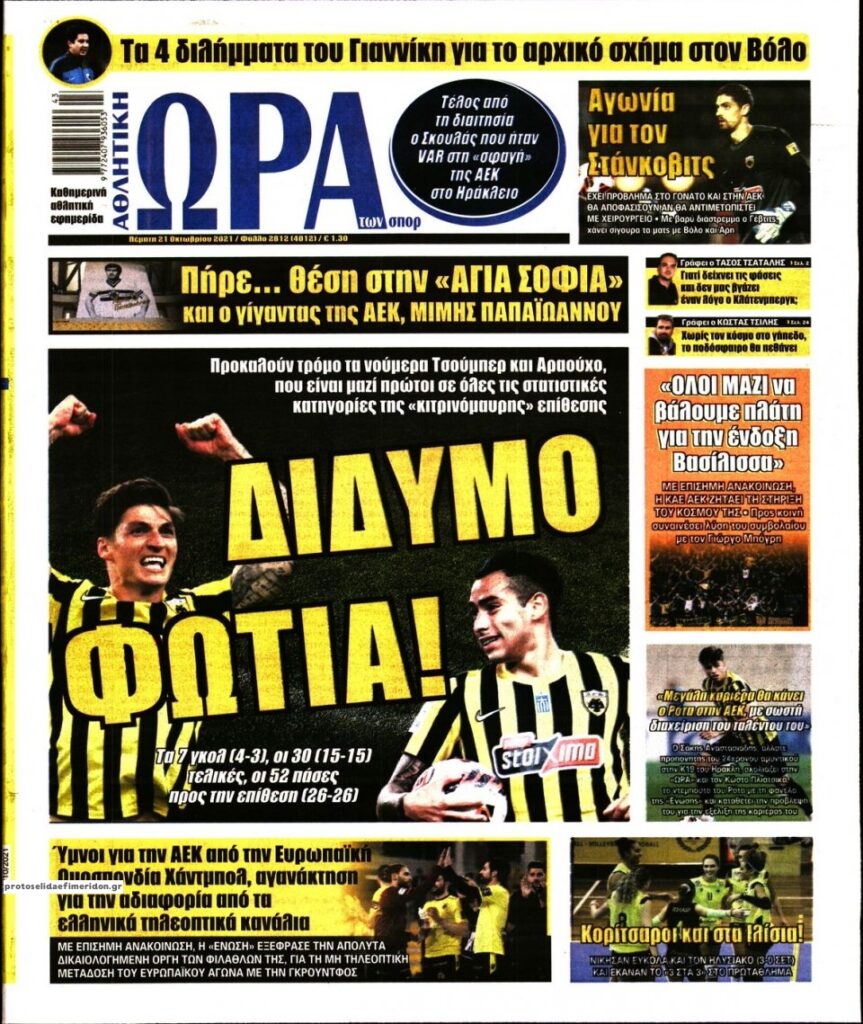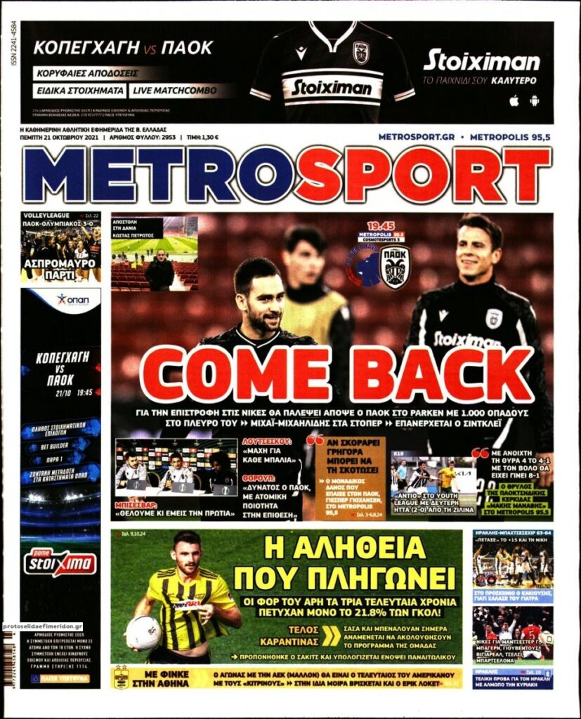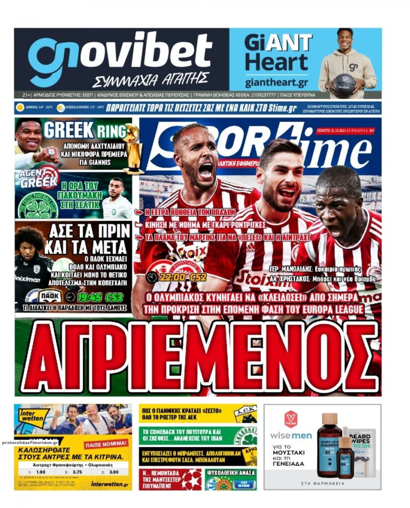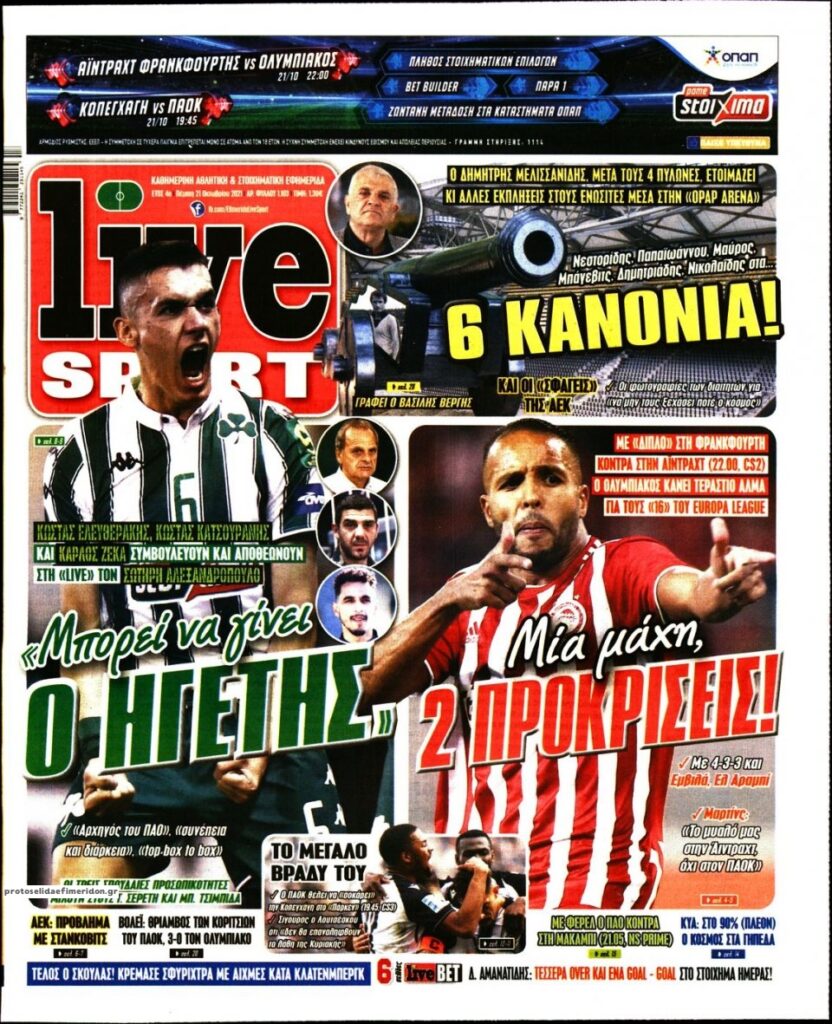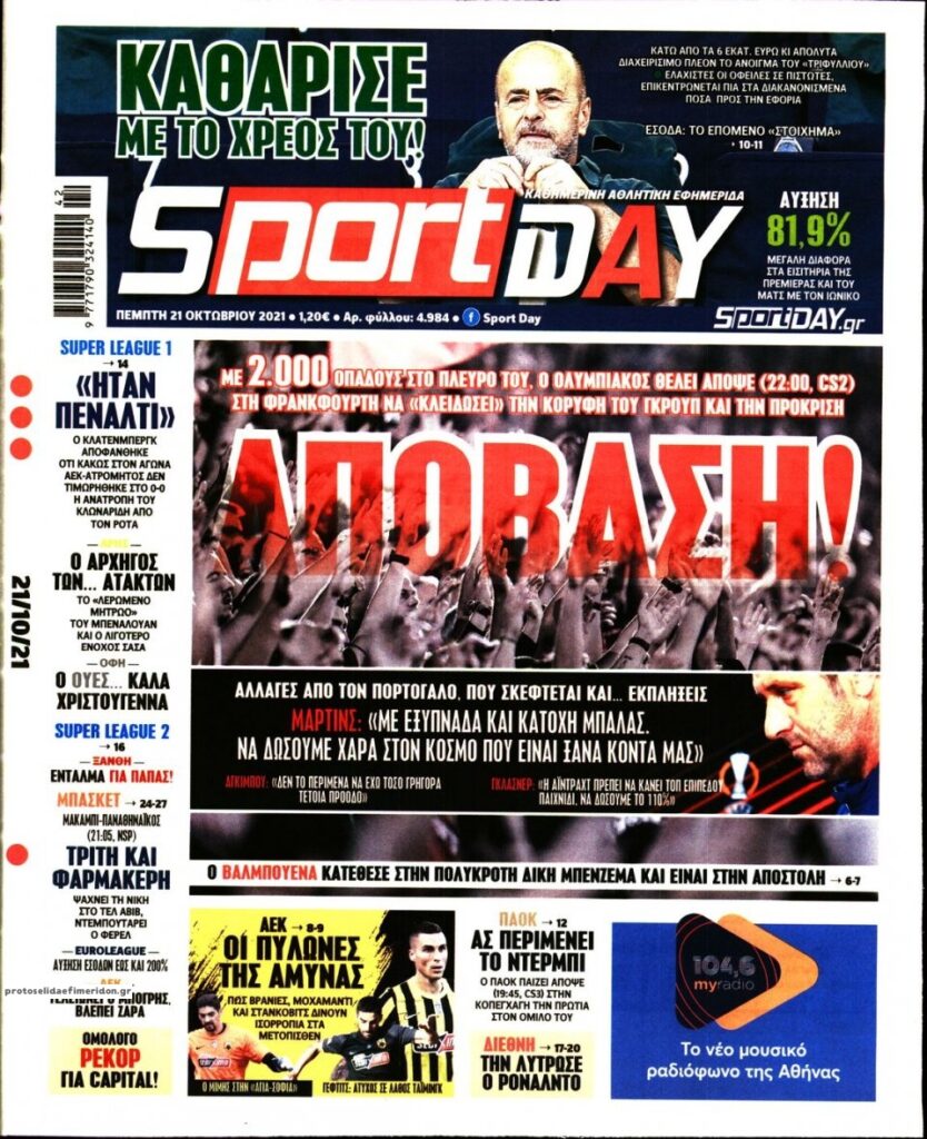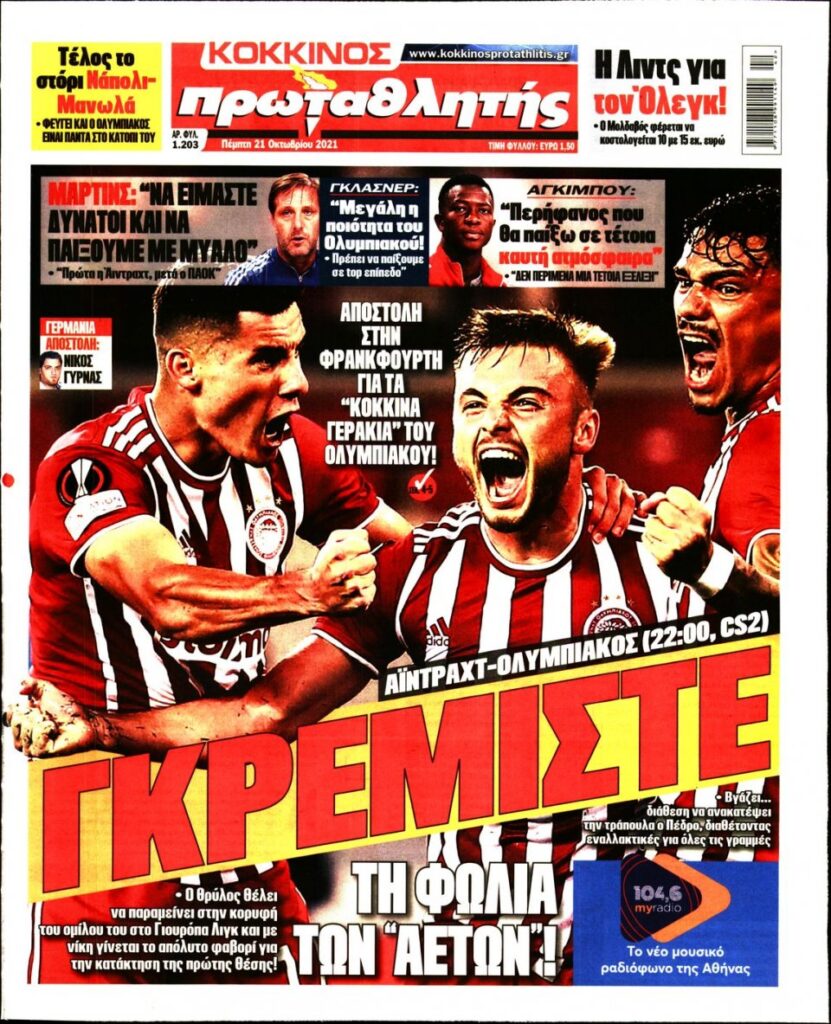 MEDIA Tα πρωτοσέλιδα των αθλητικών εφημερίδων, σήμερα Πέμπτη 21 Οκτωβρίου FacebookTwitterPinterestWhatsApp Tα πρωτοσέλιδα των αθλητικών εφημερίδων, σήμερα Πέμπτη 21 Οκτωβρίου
+++
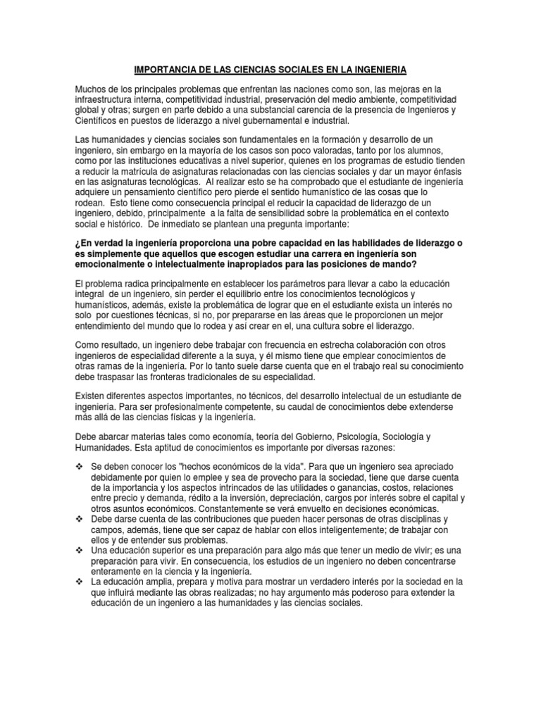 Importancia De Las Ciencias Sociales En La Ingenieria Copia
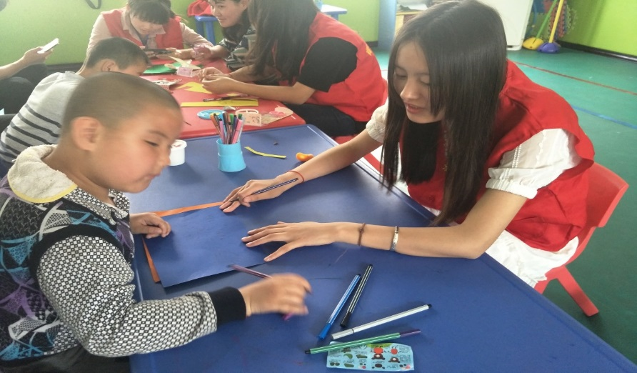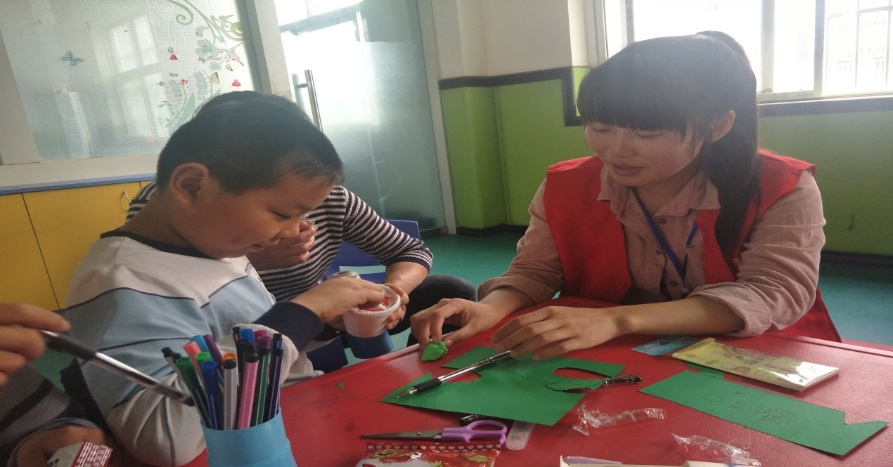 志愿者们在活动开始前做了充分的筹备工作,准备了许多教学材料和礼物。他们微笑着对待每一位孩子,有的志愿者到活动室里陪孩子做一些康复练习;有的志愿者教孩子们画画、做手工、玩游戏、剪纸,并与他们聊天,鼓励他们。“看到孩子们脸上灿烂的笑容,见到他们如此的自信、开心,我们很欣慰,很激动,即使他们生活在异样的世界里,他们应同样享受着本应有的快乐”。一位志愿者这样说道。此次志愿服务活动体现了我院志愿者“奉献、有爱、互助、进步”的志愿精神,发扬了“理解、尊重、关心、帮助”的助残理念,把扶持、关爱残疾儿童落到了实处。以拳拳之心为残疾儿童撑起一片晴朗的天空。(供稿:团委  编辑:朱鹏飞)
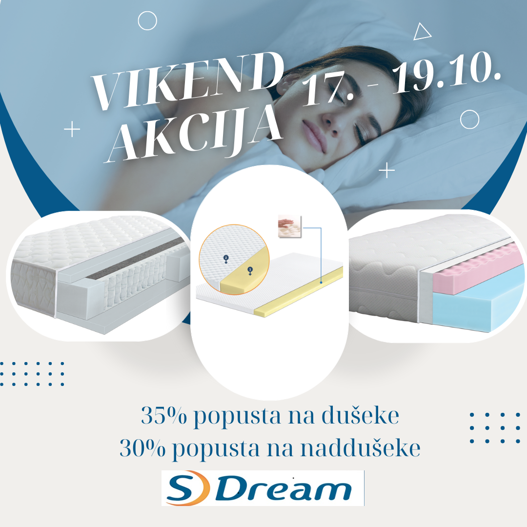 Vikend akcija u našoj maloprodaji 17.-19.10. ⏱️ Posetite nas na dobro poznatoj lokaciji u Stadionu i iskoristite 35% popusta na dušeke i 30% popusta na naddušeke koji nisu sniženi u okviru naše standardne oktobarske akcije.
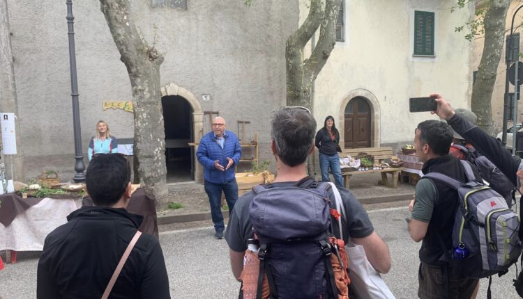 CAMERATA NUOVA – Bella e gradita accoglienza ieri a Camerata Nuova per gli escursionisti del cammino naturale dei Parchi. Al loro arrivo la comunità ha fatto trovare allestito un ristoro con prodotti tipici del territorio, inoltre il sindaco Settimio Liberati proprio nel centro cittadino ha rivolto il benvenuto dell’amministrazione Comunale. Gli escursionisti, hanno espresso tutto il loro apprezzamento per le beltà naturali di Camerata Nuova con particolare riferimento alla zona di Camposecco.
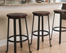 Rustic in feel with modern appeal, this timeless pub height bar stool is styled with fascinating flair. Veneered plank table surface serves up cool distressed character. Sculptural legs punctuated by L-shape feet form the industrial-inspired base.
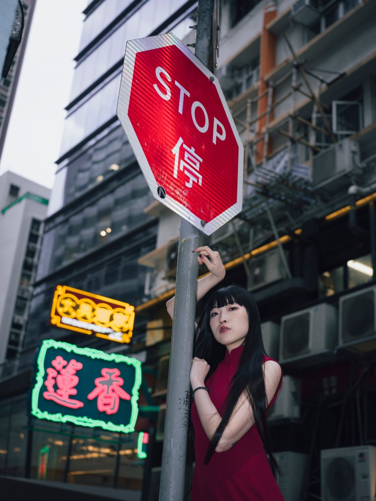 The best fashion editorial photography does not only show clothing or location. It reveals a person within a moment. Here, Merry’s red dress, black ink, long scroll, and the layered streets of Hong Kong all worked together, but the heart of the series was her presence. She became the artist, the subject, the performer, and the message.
+++
§ **WHAT IS NEEDED**
Exercise for the records above: copy only the lines from the one with "Importancia De Las" to the one with "志愿者们在活动开始前做了充分", both ends kept, and drop the pictures.

§ **ANSWER TO THIS PROBLEM**
 Importancia De Las Ciencias Sociales En La Ingenieria Copia
 志愿者们在活动开始前做了充分的筹备工作,准备了许多教学材料和礼物。他们微笑着对待每一位孩子,有的志愿者到活动室里陪孩子做一些康复练习;有的志愿者教孩子们画画、做手工、玩游戏、剪纸,并与他们聊天,鼓励他们。“看到孩子们脸上灿烂的笑容,见到他们如此的自信、开心,我们很欣慰,很激动,即使他们生活在异样的世界里,他们应同样享受着本应有的快乐”。一位志愿者这样说道。此次志愿服务活动体现了我院志愿者“奉献、有爱、互助、进步”的志愿精神,发扬了“理解、尊重、关心、帮助”的助残理念,把扶持、关爱残疾儿童落到了实处。以拳拳之心为残疾儿童撑起一片晴朗的天空。(供稿:团委  编辑:朱鹏飞)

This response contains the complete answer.